_Data extract:_
>>

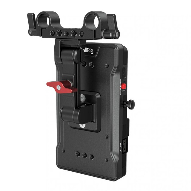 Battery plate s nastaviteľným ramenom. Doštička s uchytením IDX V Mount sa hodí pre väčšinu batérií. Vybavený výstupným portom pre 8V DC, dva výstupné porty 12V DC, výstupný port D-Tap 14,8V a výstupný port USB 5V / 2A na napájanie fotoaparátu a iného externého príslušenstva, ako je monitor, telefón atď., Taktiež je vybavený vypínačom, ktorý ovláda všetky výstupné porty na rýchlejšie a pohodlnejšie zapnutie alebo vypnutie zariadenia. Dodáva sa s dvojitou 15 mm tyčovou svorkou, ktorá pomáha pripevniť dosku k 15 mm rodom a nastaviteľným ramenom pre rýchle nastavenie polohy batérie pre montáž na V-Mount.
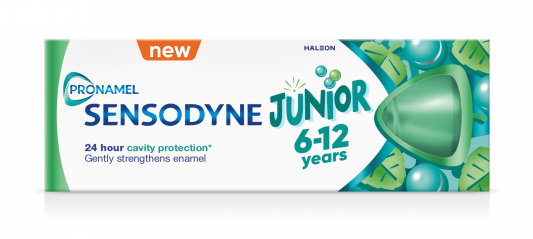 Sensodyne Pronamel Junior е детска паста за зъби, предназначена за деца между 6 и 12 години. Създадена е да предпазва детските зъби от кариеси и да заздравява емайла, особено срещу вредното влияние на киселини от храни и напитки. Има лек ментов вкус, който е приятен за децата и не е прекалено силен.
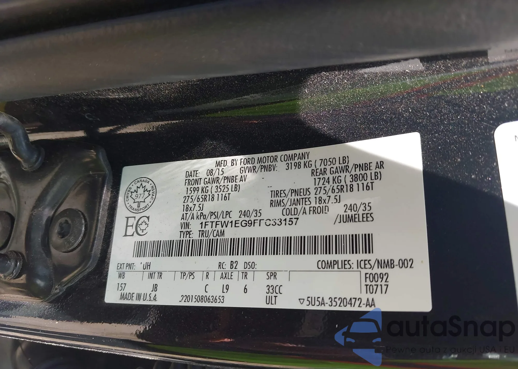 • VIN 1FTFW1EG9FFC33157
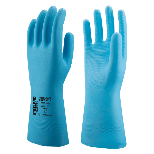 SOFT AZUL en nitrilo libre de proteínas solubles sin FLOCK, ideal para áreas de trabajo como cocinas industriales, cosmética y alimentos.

<<
>>

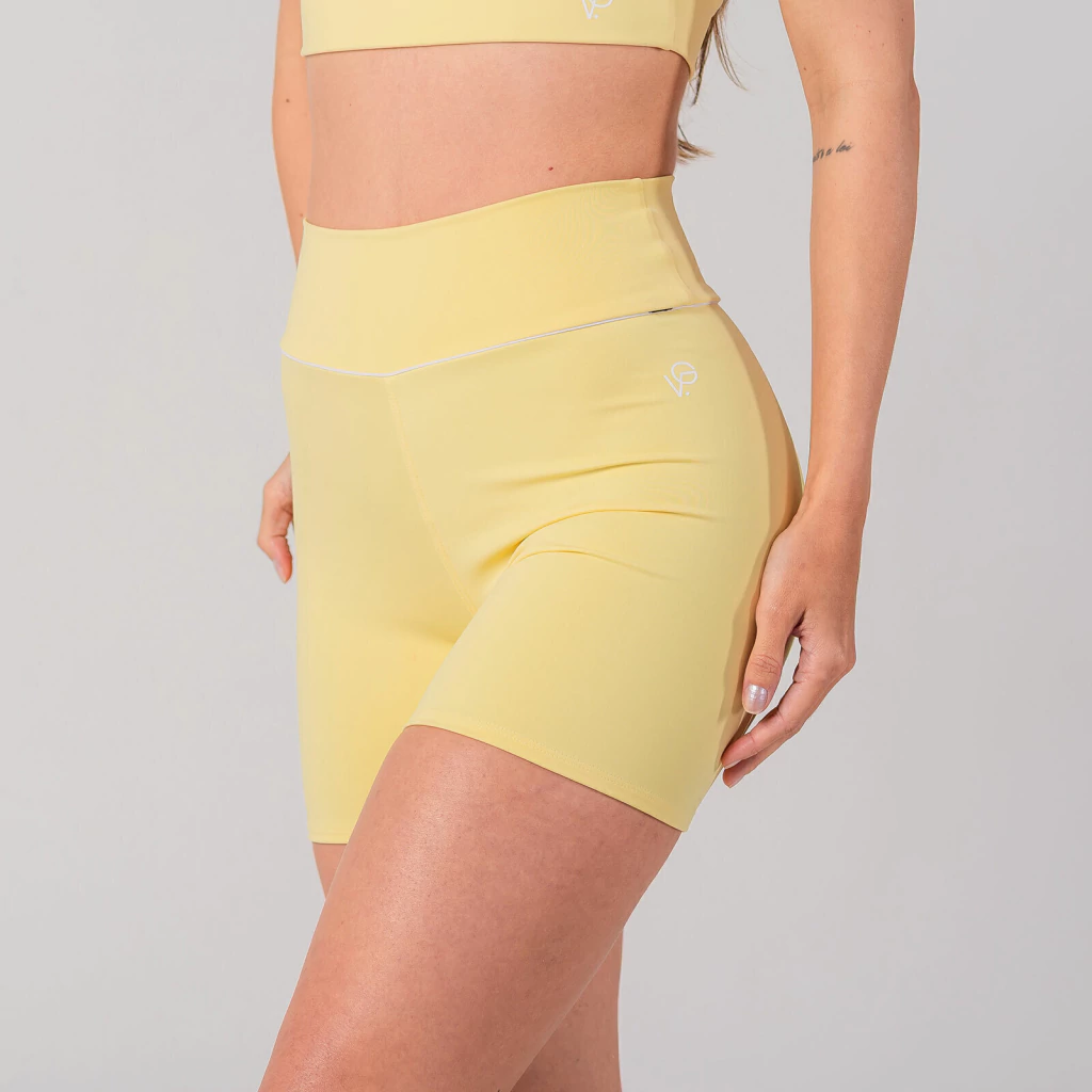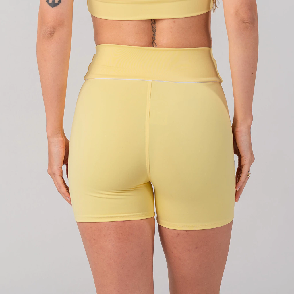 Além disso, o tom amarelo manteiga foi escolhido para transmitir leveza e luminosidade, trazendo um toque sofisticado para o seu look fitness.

<<

_Assignment:_
Within the material above, find the part that opens with the line containing "Battery plate s" and closes with the line containing "SOFT AZUL en", and reproduce it exactly without the pictures.

_Task answer:_
 Battery plate s nastaviteľným ramenom. Doštička s uchytením IDX V Mount sa hodí pre väčšinu batérií. Vybavený výstupným portom pre 8V DC, dva výstupné porty 12V DC, výstupný port D-Tap 14,8V a výstupný port USB 5V / 2A na napájanie fotoaparátu a iného externého príslušenstva, ako je monitor, telefón atď., Taktiež je vybavený vypínačom, ktorý ovláda všetky výstupné porty na rýchlejšie a pohodlnejšie zapnutie alebo vypnutie zariadenia. Dodáva sa s dvojitou 15 mm tyčovou svorkou, ktorá pomáha pripevniť dosku k 15 mm rodom a nastaviteľným ramenom pre rýchle nastavenie polohy batérie pre montáž na V-Mount.
 Sensodyne Pronamel Junior е детска паста за зъби, предназначена за деца между 6 и 12 години. Създадена е да предпазва детските зъби от кариеси и да заздравява емайла, особено срещу вредното влияние на киселини от храни и напитки. Има лек ментов вкус, който е приятен за децата и не е прекалено силен.
 • VIN 1FTFW1EG9FFC33157
 SOFT AZUL en nitrilo libre de proteínas solubles sin FLOCK, ideal para áreas de trabajo como cocinas industriales, cosmética y alimentos.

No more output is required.